Input data:
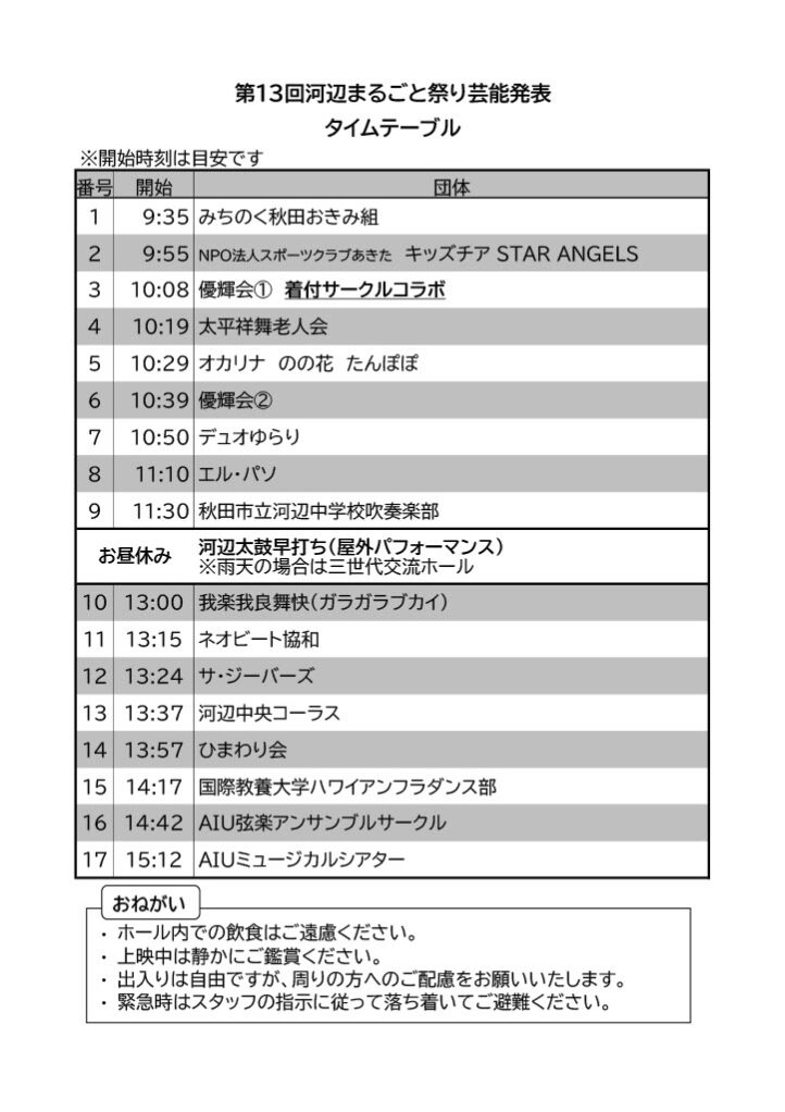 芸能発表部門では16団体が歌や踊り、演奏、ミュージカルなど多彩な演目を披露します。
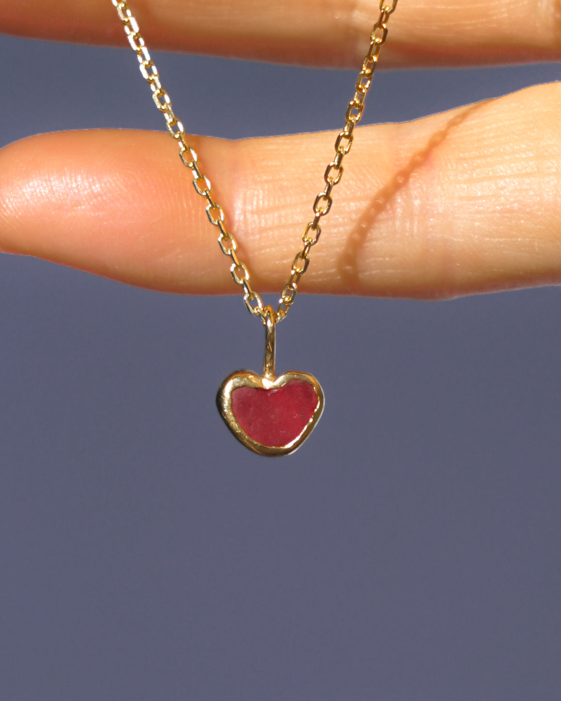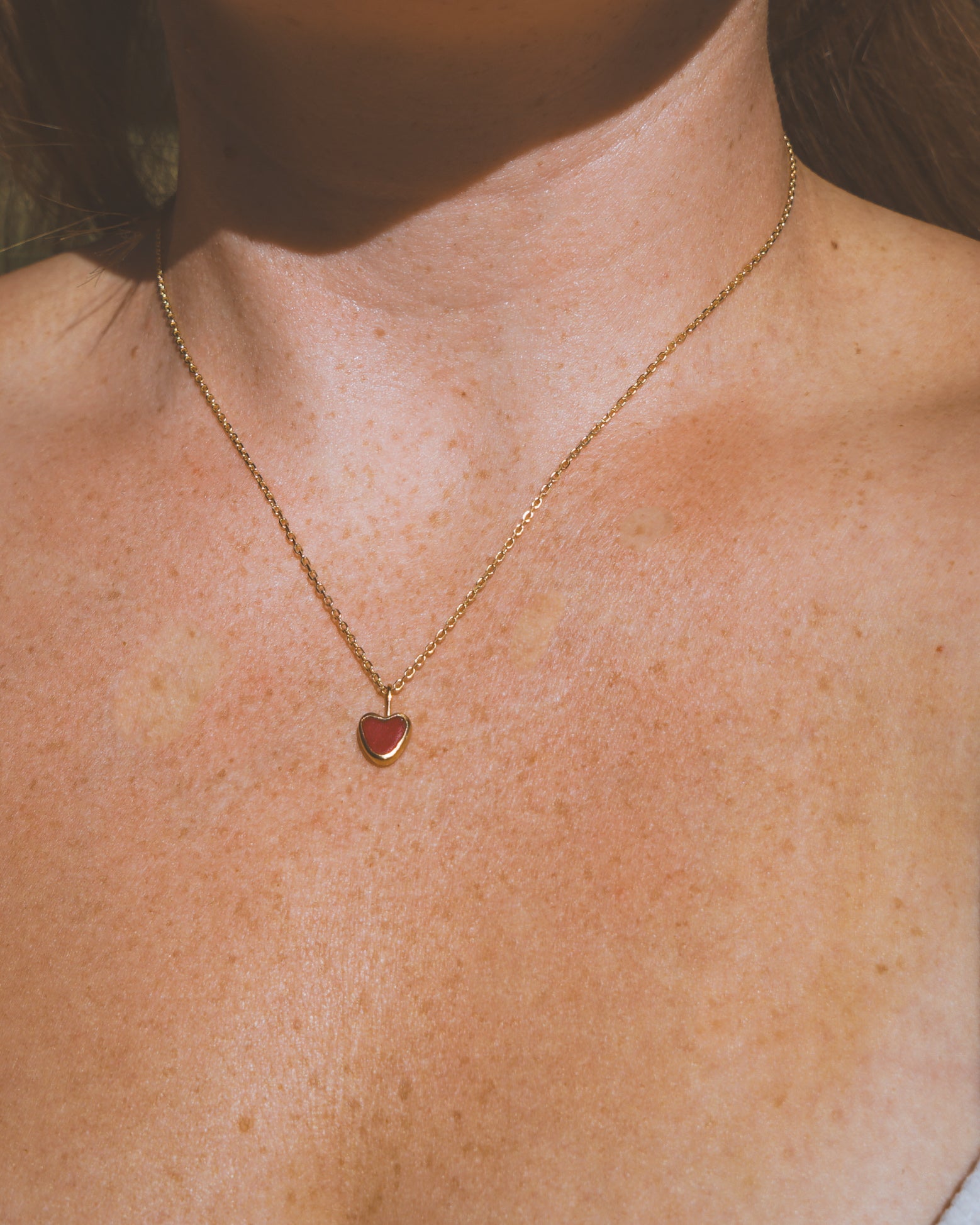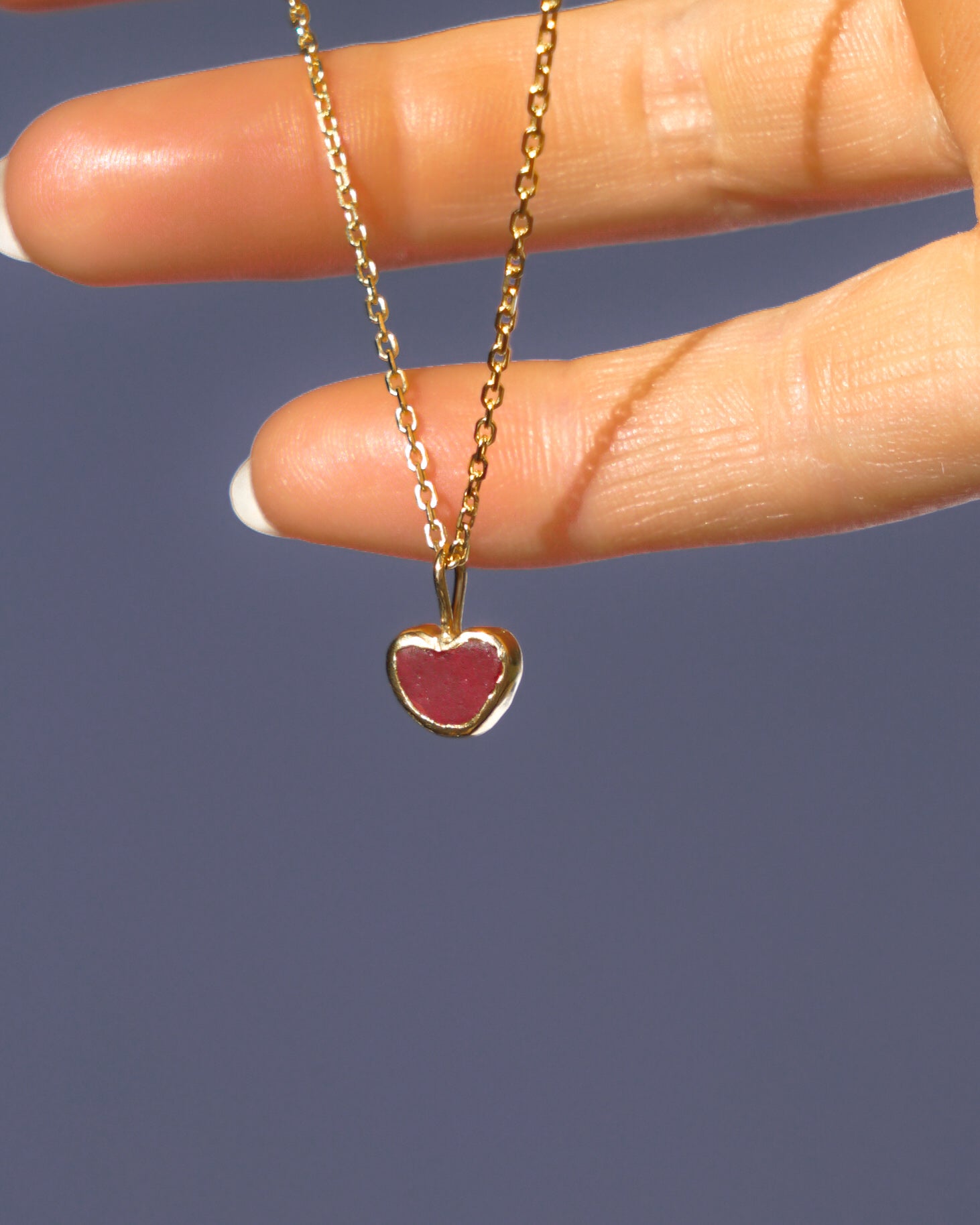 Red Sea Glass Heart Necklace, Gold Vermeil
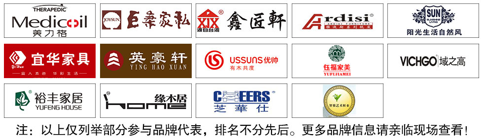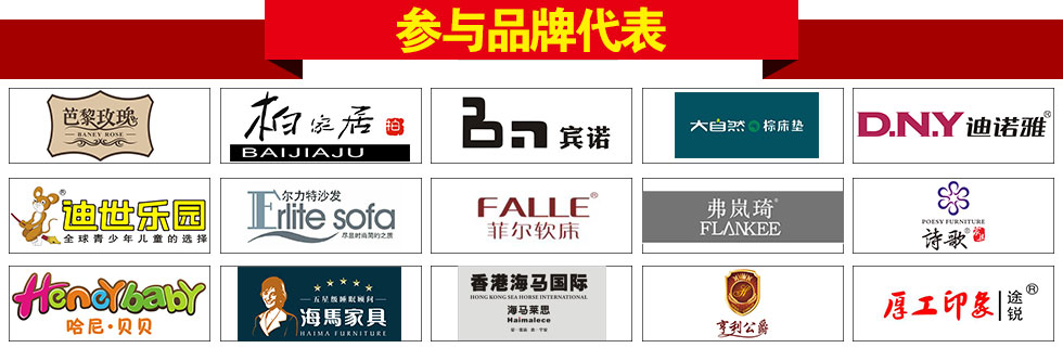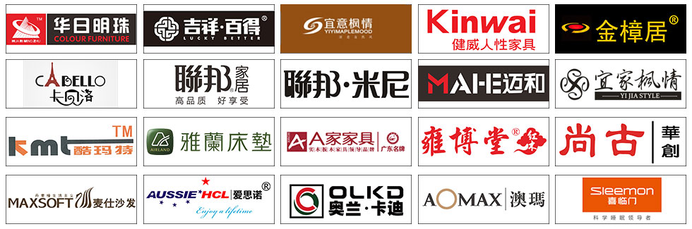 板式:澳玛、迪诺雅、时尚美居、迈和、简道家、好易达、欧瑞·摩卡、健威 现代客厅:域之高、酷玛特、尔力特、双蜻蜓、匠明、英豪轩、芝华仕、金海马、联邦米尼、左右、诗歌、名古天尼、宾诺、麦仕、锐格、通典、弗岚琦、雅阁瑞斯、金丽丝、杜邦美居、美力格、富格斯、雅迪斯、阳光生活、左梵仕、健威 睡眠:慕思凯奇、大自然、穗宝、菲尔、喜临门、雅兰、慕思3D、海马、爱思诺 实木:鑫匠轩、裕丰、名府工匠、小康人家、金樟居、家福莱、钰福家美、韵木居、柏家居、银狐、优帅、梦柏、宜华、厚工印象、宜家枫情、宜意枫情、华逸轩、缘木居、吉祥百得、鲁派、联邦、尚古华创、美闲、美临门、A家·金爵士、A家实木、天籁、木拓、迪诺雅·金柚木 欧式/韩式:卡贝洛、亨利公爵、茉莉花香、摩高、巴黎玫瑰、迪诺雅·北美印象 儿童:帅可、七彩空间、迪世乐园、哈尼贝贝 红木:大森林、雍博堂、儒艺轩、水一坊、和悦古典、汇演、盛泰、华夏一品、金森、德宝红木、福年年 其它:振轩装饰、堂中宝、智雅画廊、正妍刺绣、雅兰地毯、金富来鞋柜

--

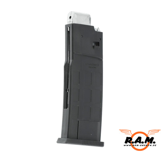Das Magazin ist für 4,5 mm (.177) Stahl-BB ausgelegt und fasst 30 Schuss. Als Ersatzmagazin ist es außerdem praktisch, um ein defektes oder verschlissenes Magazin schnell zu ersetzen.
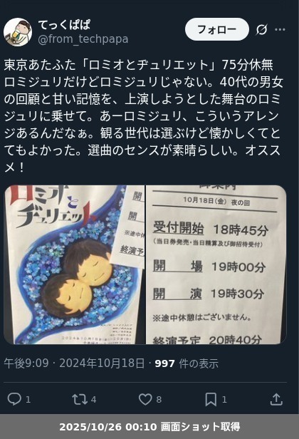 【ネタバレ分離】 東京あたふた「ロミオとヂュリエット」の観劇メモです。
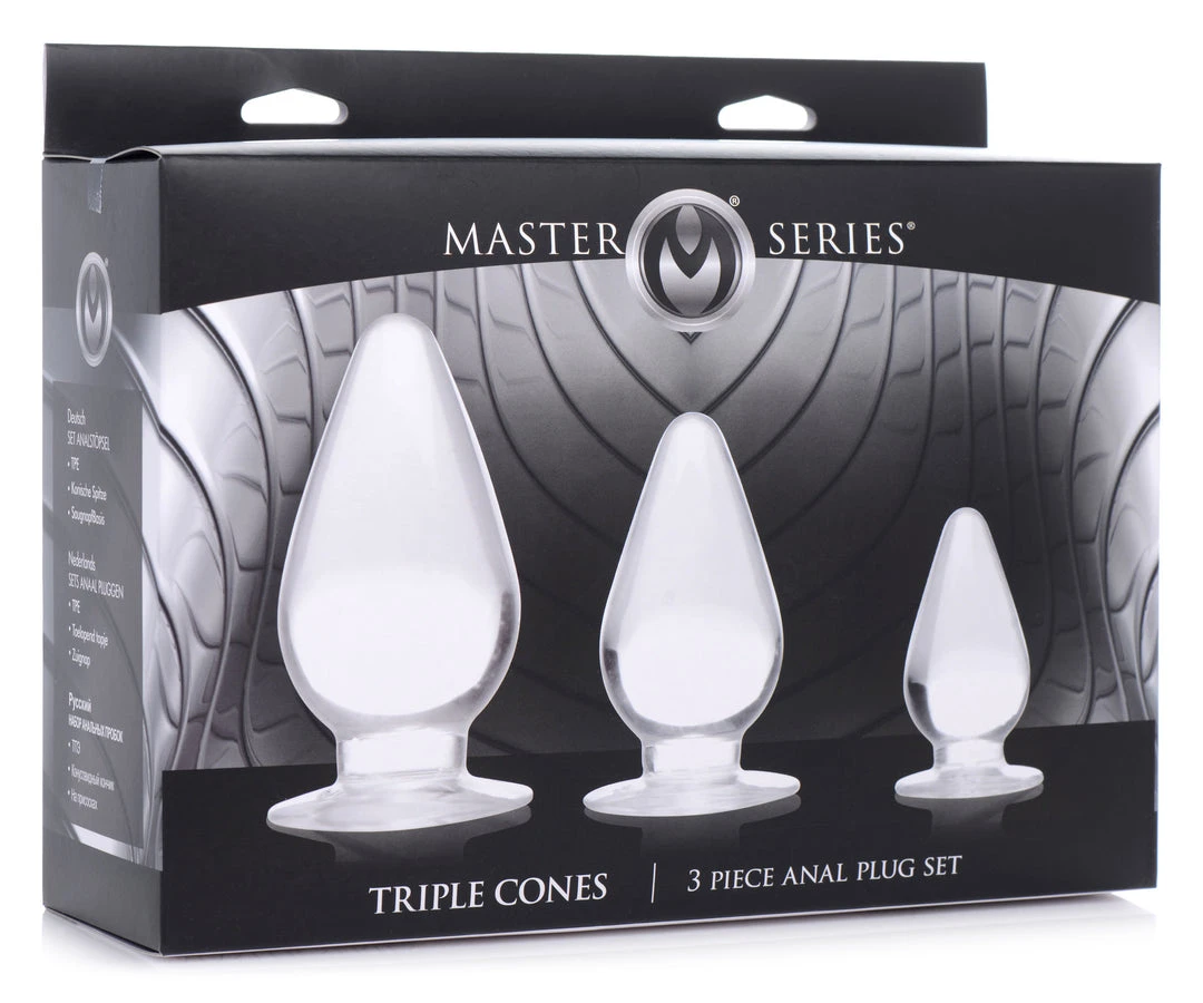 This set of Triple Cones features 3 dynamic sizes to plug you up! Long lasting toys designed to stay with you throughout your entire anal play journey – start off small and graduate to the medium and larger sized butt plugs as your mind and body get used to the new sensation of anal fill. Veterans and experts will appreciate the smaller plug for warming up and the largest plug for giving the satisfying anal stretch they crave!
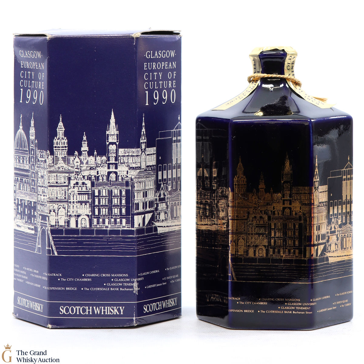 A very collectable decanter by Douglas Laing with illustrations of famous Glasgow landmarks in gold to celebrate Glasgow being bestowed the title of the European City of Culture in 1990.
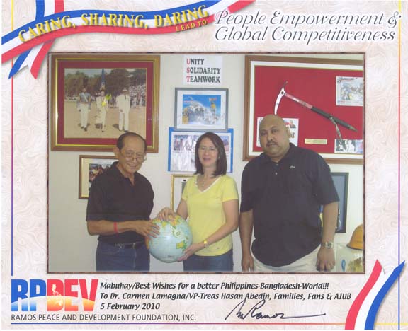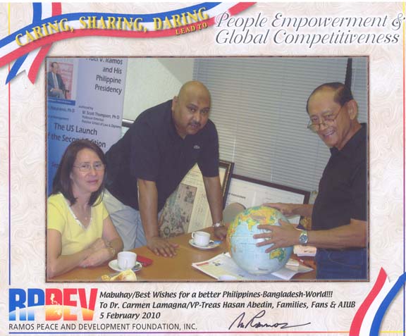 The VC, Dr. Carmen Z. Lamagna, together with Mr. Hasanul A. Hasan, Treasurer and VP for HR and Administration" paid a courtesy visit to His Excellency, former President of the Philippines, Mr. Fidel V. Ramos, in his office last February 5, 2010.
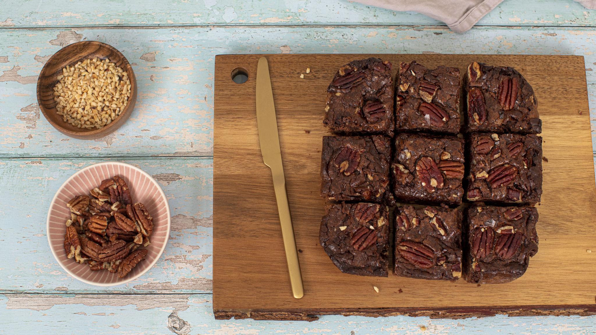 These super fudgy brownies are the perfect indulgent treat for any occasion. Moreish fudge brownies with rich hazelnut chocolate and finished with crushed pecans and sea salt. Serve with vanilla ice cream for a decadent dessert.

Exercise aim: Word for word, retype the lines in the entries above that run from the one with "This set of" through the one with "These super fudgy". Both ends count; pictures do not.

Response:
 This set of Triple Cones features 3 dynamic sizes to plug you up! Long lasting toys designed to stay with you throughout your entire anal play journey – start off small and graduate to the medium and larger sized butt plugs as your mind and body get used to the new sensation of anal fill. Veterans and experts will appreciate the smaller plug for warming up and the largest plug for giving the satisfying anal stretch they crave!
 A very collectable decanter by Douglas Laing with illustrations of famous Glasgow landmarks in gold to celebrate Glasgow being bestowed the title of the European City of Culture in 1990.
 The VC, Dr. Carmen Z. Lamagna, together with Mr. Hasanul A. Hasan, Treasurer and VP for HR and Administration" paid a courtesy visit to His Excellency, former President of the Philippines, Mr. Fidel V. Ramos, in his office last February 5, 2010.
 These super fudgy brownies are the perfect indulgent treat for any occasion. Moreish fudge brownies with rich hazelnut chocolate and finished with crushed pecans and sea salt. Serve with vanilla ice cream for a decadent dessert.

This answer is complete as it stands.